Germany Warns Of Ukraine Crisis Hacking Risk

German financial regulator BaFin on Tuesday warned that a “very big and very present” risk of cyberattacks has been raised by Russia’s invasion of Ukraine.

The warning follows a series of damaging cyberattacks on German wind-energy companies, which are seen as benefiting from any disruption in the EU’s use of Russian oil.

The conflict has made “cyberattacks on the German financial sector more probable”, said BaFin president Mark Branson, according to Reuters.

Speaking at an annual press conference, Branson said direct effects of the war and the resulting sanctions were manageable but that secondary and tertiary effects could be more problematic.

Hacker targets

Attacks on industrial infrastructure are complex and as a result are relatively uncommon.

The timing of the attacks on the three wind-energy companies, Deutsche Windtechnik, Nordex and Enercon, suggests they were motivated by support for Russia’s invasion.

Enercon, a maker of turbines for wind-energy farms, said its infrastructure was affected by an attack on a satellite company in February that occurred as Russian troops were entering Ukraine.

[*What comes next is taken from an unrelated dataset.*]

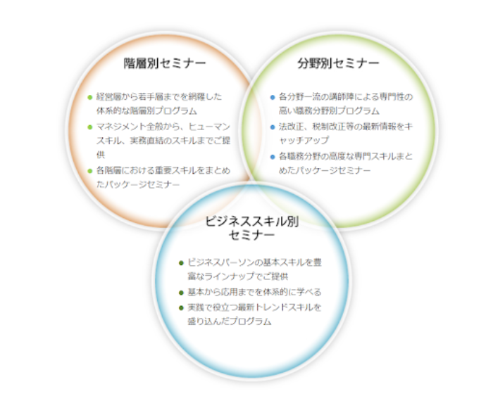 年間1,000件を超えるセミナーを実施していますが、会場が東京・大阪のみである点に気をつけましょう。地方に拠点を置いている企業だと、セミナー受講ごとに両都市に行く必要があります。とはいえ、オンラインセミナーやeラーニング、講師の派遣も行っているため、地方からでもセミナーを受講できます。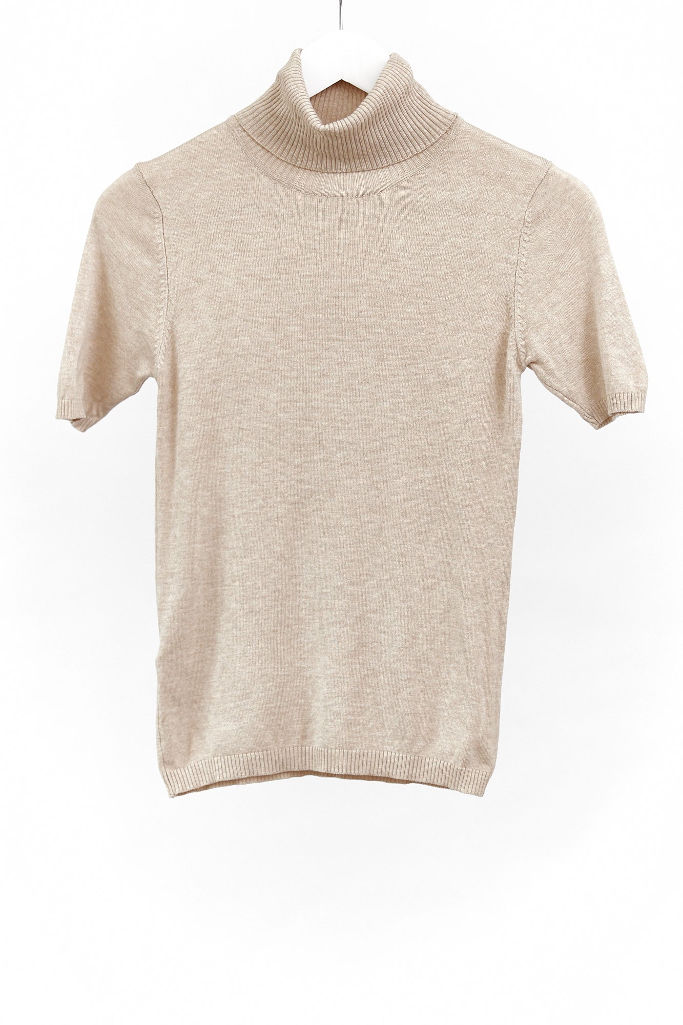 Womens Mango beige knitted short sleeve roll neck sweater size extra small

The attack temporarily knocked out remote control of 5,800 of Enercon’s wind turbines, although they continued to operate in automatic mode.

Nordex, also a turbine maker, said it discovered a security incident on 31 March that forced it to temporarily shut down its IT systems.

The company said it detected an intrusion at “an early stage” and initiated a response.

Growing risk

“The incident response team of internal and external security experts has been set up immediately in order to contain the issue and prevent further propagation and to assess the extent of potential exposure,” Nordex said at the time.

Deutsche Windtechnik, which specialises in maintenance of wind turbines, was hacked in April, knocking out remote-control systems for about 2,000 wind turbines in Germany for about a day.

Deutsche Windtechnik director Matthias Brandt told the Wall Street Journal that the crisis in Ukraine “shows us that renewables are replacing oil and gas in the future”.

Germany has so far rejected sanctions on Russian oil, on which it is heavily dependent, but has been gradually reducing that source with others.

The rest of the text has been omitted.